Warning Letter to The Sportsman’s Guide/Gary Olen

July 31, 2005

Department of Health and Human Services' logo Department of Health and Human Services

Public Health Service
Food and Drug Administration


Minneapolis District Office
212 3rd Ave S
Minneapolis, MN 56401
Telephone: 612-334-4100
Fax: 612-334-4134

May 29, 2003

Gary Olen, Chairman
The Sportsman’s Guide
411 Farewell Ave
South St Paul, MN 55075

Ref. No. MIN 03-22

Dear Mr Olen:

This letter concerns the marketing of potassium iodate tablets on your firm’s website, www.spotismansguide.com, and in your catalog. Your Internet website and catalog display, from which the product may be ordered, promote potassium iodate tablets as a product that can protect the thyroid from radiation damage in the event of an emergency. Based on the intended use, your product is a “drug” as defined in Section 201(g) of the Federal Food, Drug and Cosmetic Act (the Act) because it is intended to cure, mitigate, treat or prevent disease.

The product’s intended use is documented on your firm’s website and in your catalog, as follows:

…The ‘anti-radiation pill’ for the unthinkable emergency… FDA- approved pills proven to protect the thyroid from radiation damage. These pills are 85 mgs. of ‘good’ iodine that block absorption of damaging radioactive iodine-131. This RIO3 formula, made only by Medical Corps,™ is the easiest and best potassium iodate for children (who are at greatest risk), as well as adults. In a ‘medium’ 25-day fallout event, this 200-tablet bottle would protect the thyroids of:

  • 4 adults (ages 12 and up)
  • 8 children (ages 3-12)
  • 16 kids up to 3yrs., or
  • 32 newborns

Note: Pills have an unlimited shelf life, and they are only to be taken in case of confirmed radioactivity. This is a vital protector your emergency medical kit may lack…”

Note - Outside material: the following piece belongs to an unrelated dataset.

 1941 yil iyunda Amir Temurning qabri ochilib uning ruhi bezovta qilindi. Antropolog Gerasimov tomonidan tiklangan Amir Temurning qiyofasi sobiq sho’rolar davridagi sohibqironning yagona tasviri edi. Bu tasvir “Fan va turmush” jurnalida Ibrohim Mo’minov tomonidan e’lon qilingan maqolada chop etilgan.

We are unaware of any evidence that establishes that this drug is generally recognized as safe and effective for the intended use. Therefore, your potassium iodate product is a “new drug” as defined by Section 201(p) of the Act. Under Section 505(a) of the Act, a “new drugn may not be introduced or delivered for introduction into interstate commerce unless an FDA-approved new drug application (NDA) is in effect for such drug. The continued distribution of these products without an approved NDA is a prohibited act as set forth in Section 301(d) of the Act.

False promotional statements are being made by you on www.sportsmansguide.com that are aimed at and accessible to American consumers stating in part, “…FDA- approved pills proven to protect the thyroid from radiation damage.” This statement on your website causes the drug you distribute to be misbranded per Section 502(a) of the Act. The potassium iodate tablets are further misbranded within the meaning of Section 502(o) of the Act in that they are manufactured in an establishment not registered under Section 510 of the Act and they are not listed as required by Section 510(i) of the Act.

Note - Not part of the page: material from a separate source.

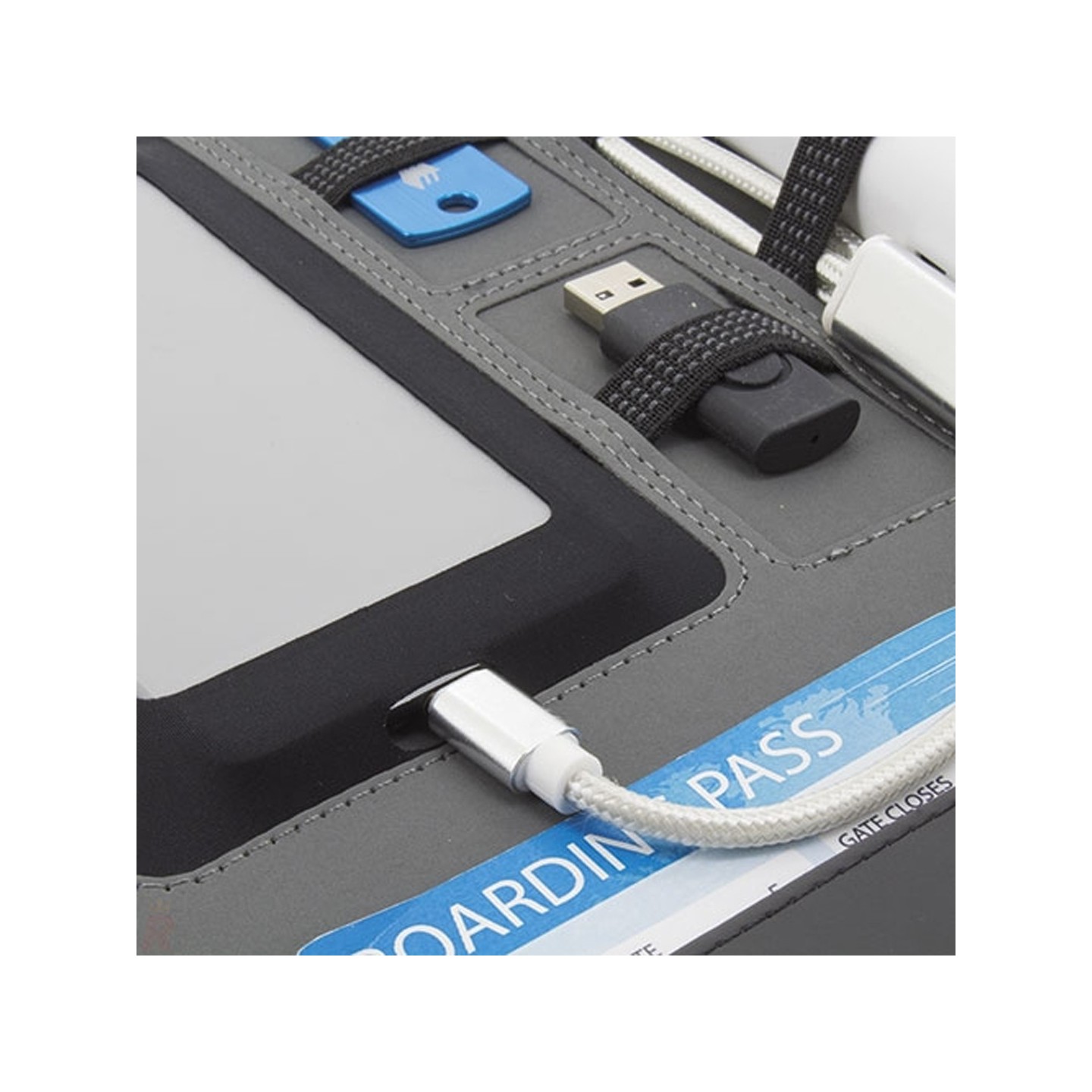 - Zonas de almacenamiento: Incluye elásticos para memorias USB, power banks y otros accesorios.

This letter is not intended to be an all-inclusive review of your Internet website or all of your firm’s labeling and products, and it is not intended to be an all-inclusive list of violations concerning your firm and its products. You are responsible for ensuring that all products marketed by your firm are in compliance with applicable United States laws.

With copies of this letter, we are advising the regulatory drug officials in the State of Minnesota of these violations.

We request that you take prompt action to correct these violations. Failure to promptly correct violations may result in enforcement action being initiated by the Food and Drug Administration without further notice. The Federal Food, Drug and Cosmetic Act provides for seizure of illegal products and for an injunction against the manufacturer and/or distributor of illegal products.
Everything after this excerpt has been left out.